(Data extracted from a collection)

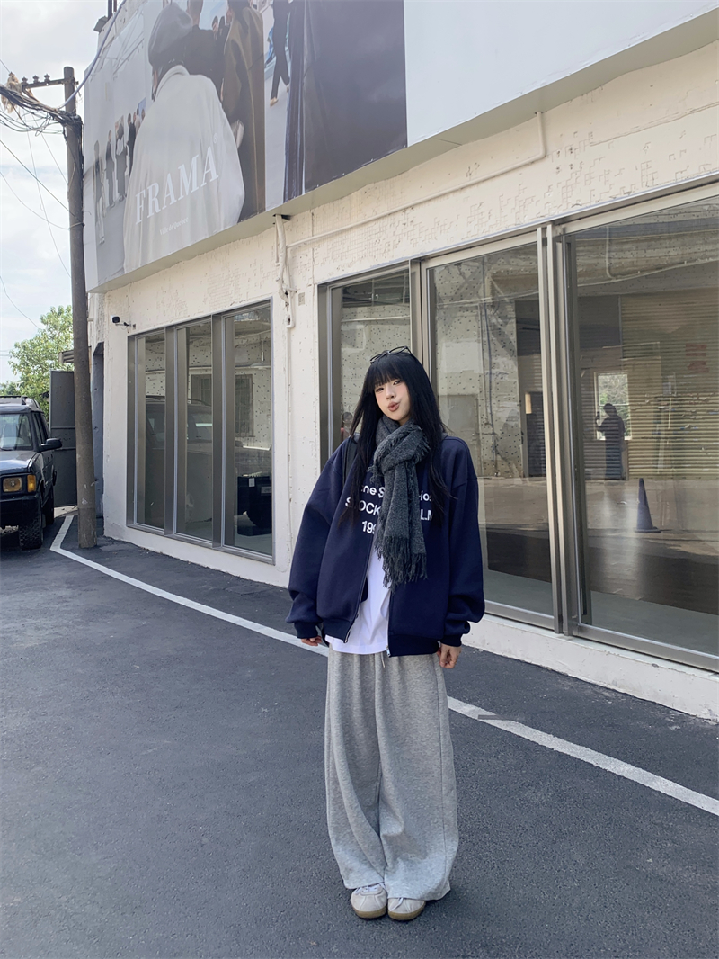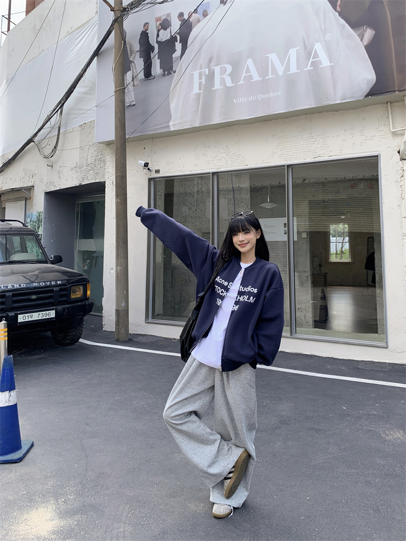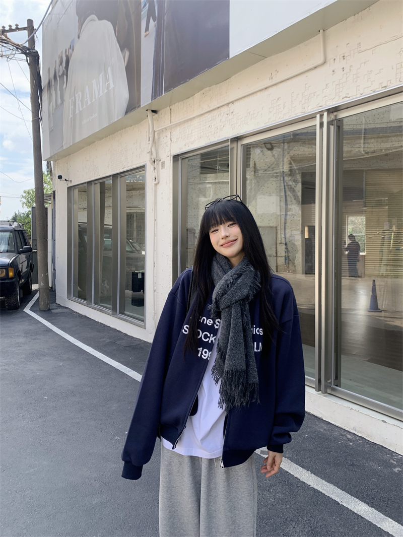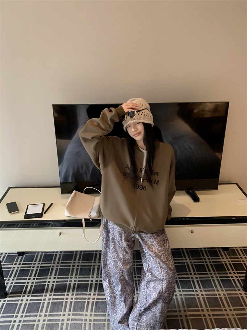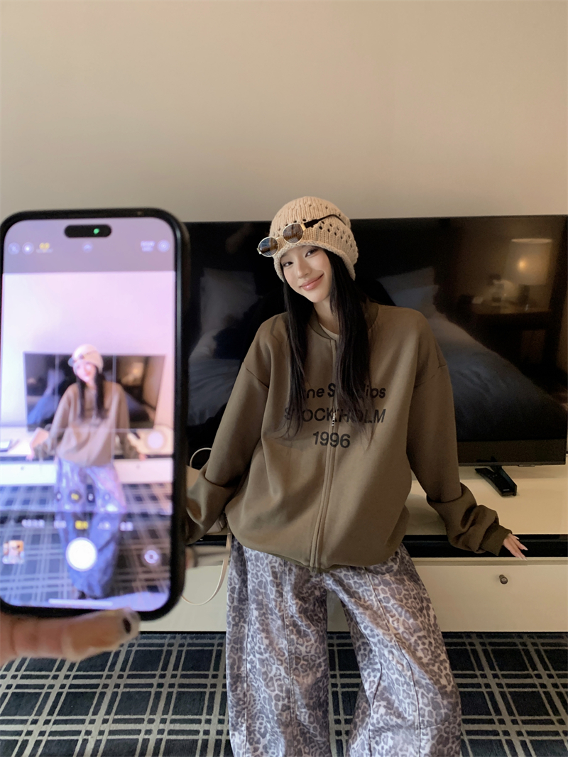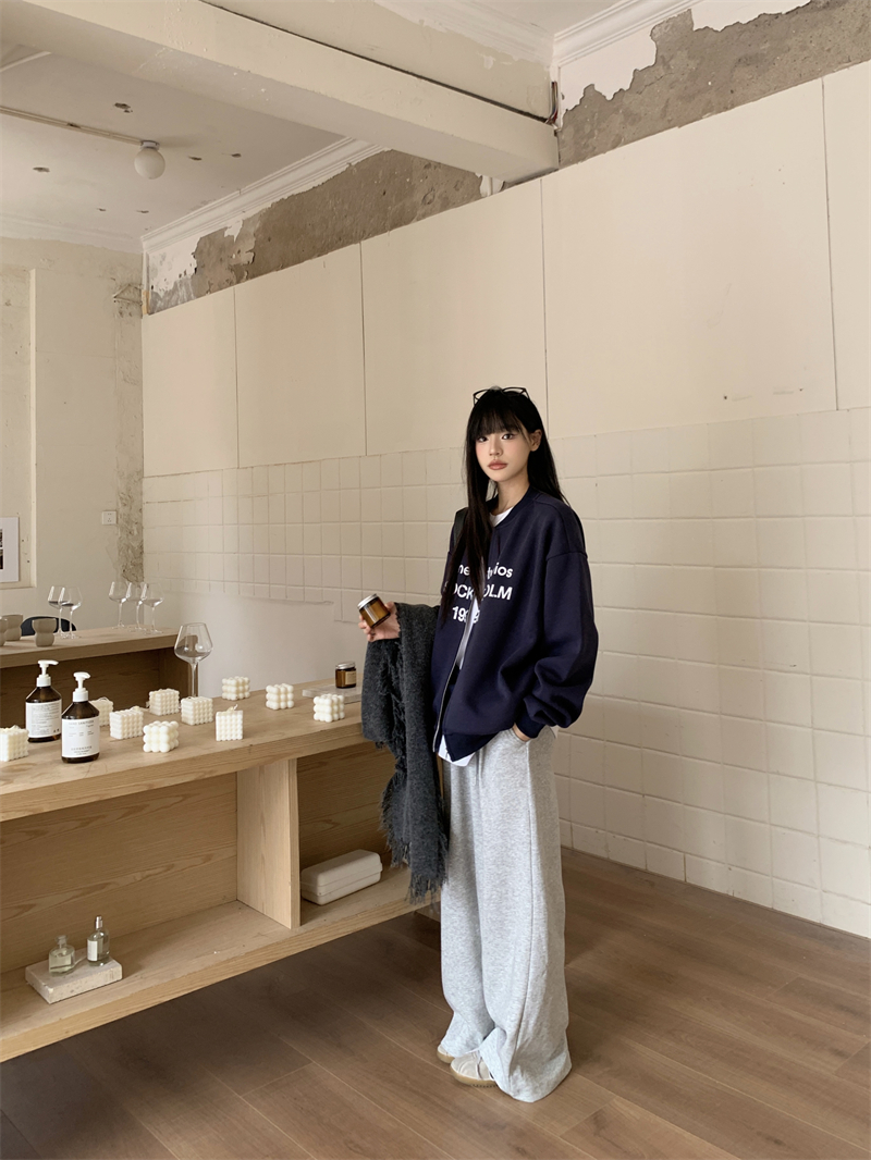 现实拍实价字母印花圆领宽松长袖外套女早秋美式宽松休闲开衫上衣
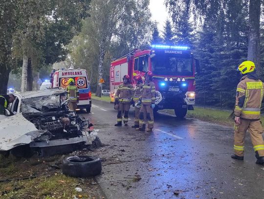 Autem podróżowała jedna osoba - mieszkaniec powiatu braniewskiego. Siła uderzenia była tak duża, że kierowca został zakleszczony wewnątrz pojazdu. Przez kilkanaście minut strażacy, używając narzędzi hydraulicznych, walczyli o uwolnienie poszkodowanego.
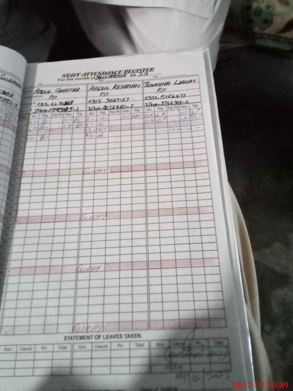 | CNIC | Full Name | Designation | R/C | Absence During Last Calender Month |
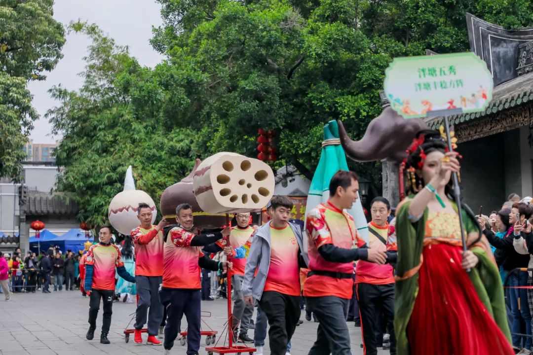 去年大受欢迎的泮塘五秀方阵今年再度出游,巨型五秀可爱鬼马的独特造型,深受市民游客的喜爱与追捧,成为当天的一道亮丽风景,无愧“食在广州”这个美誉。泮塘五秀指广州荔湾泮塘地区自古种植的五种水生作物——菱角、莲藕、马蹄(荸荠)、茭笋(茭白)、慈姑,其历史可追溯至宋代。依托珠三角水网密布的生态条件,这五类作物不仅是古代泮塘村民赖以为生的经济支柱,更衍生出马蹄糕、莲藕糖等岭南特色美食,并融入端午祭水神、中秋食藕饼等民俗,成为西关水乡文化的地标符号,至今仍以非遗身份延续着“水生为秀,沃土成珍”的农耕智慧。
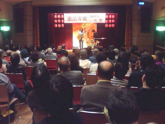 文化のチカラで改憲を止めようと07年に結成された「憲法寄席」創作集団が、3月1日、都内で「2009年春席」を開催した。会場は180名で満杯。李政美ミニコンサートを間にはさんで、朗読劇「やまねこ裁判」と「具沢山の寄席鍋」が初上演された。「やまねこ裁判」は裁判員として召集される国民がどんな体験をさせられるかをリアルに表現し、その怖さを伝えた。「寄せ鍋」では「麻生内閣冬景色」をはじめ9曲の替え歌・漫才・ワーキングプア川柳の構成で、政府や派遣切りの大企業を痛烈に風刺した。「蟹工船 次は楢山 節考か」など川柳は身につまされるものばかり。笑いの中に、時代の危機を感じさせる舞台だった。(M) 他の写真・動画「麻生内閣冬景色」 *写真=「寄せ鍋」のフィナーレ
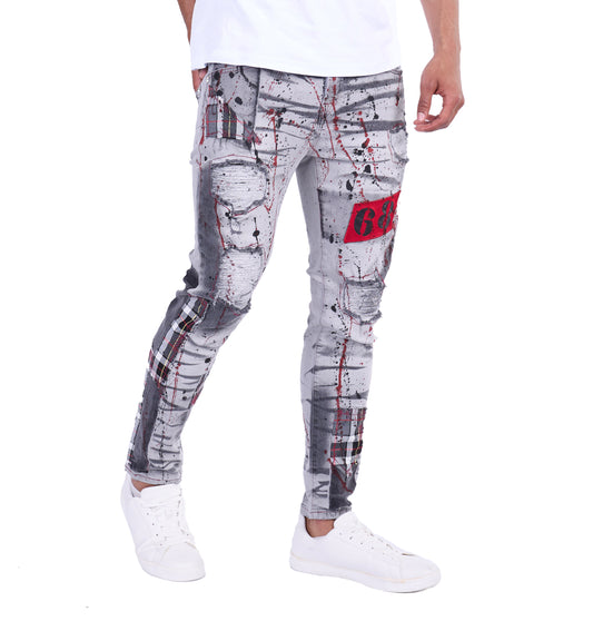 KINGZ Herren Designer Jeans, Slim Fit, Modell 1728 Grau
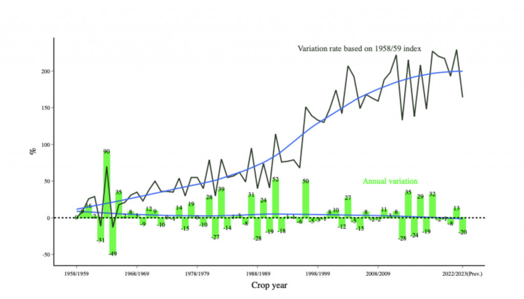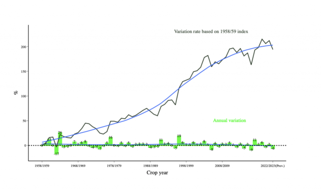 Nei primi anni Novanta la media produttiva era inferiore a 100.000 tonnellate; nel 2022/23 ha contribuito con 380.000 tonnellate.
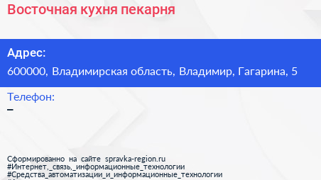 Восточная кухня, пекарня по адресу 600000, Владимирская область, Владимир, Гагарина, 5 в дальнейшем Организация, размещена в следующих категориях:
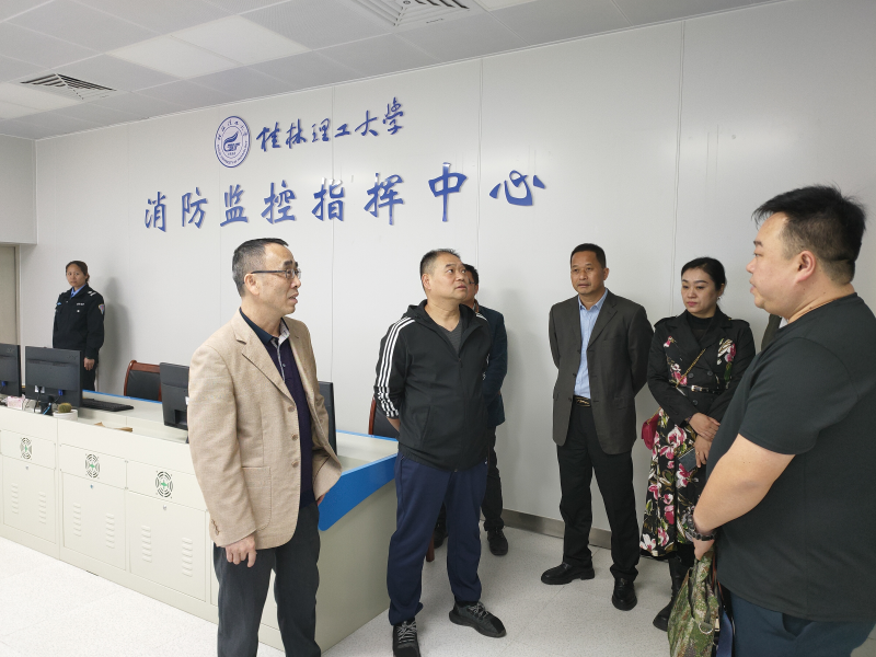 梁冬松副书记一行实地参观了学校雁山校区安全教育基地、消防监控指挥中心、老兵之家和国防教育协会等场所,认真听取了校园智慧安防信息化平台建设、安全教育基地建设工作情况介绍和经验分享,并针对建设中的技术需求和重点难点进行深入交流。
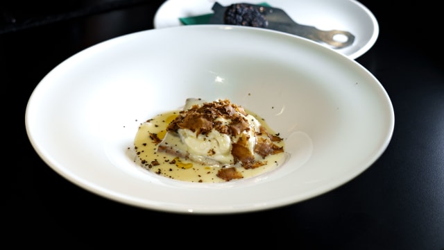 Tortellone con tuorlo fondente su crema di topinambur allo zafferano, nocciole, burro, scaglie di parmigiano 24 mesi e tartufo

→ **Description of the task**
Return verbatim every line from the line containing "Nei primi anni" to the last line of the entries above, inclusive, and leave out the pictures.

→ **Completed task**
 Nei primi anni Novanta la media produttiva era inferiore a 100.000 tonnellate; nel 2022/23 ha contribuito con 380.000 tonnellate.
 Восточная кухня, пекарня по адресу 600000, Владимирская область, Владимир, Гагарина, 5 в дальнейшем Организация, размещена в следующих категориях:
 梁冬松副书记一行实地参观了学校雁山校区安全教育基地、消防监控指挥中心、老兵之家和国防教育协会等场所,认真听取了校园智慧安防信息化平台建设、安全教育基地建设工作情况介绍和经验分享,并针对建设中的技术需求和重点难点进行深入交流。
 Tortellone con tuorlo fondente su crema di topinambur allo zafferano, nocciole, burro, scaglie di parmigiano 24 mesi e tartufo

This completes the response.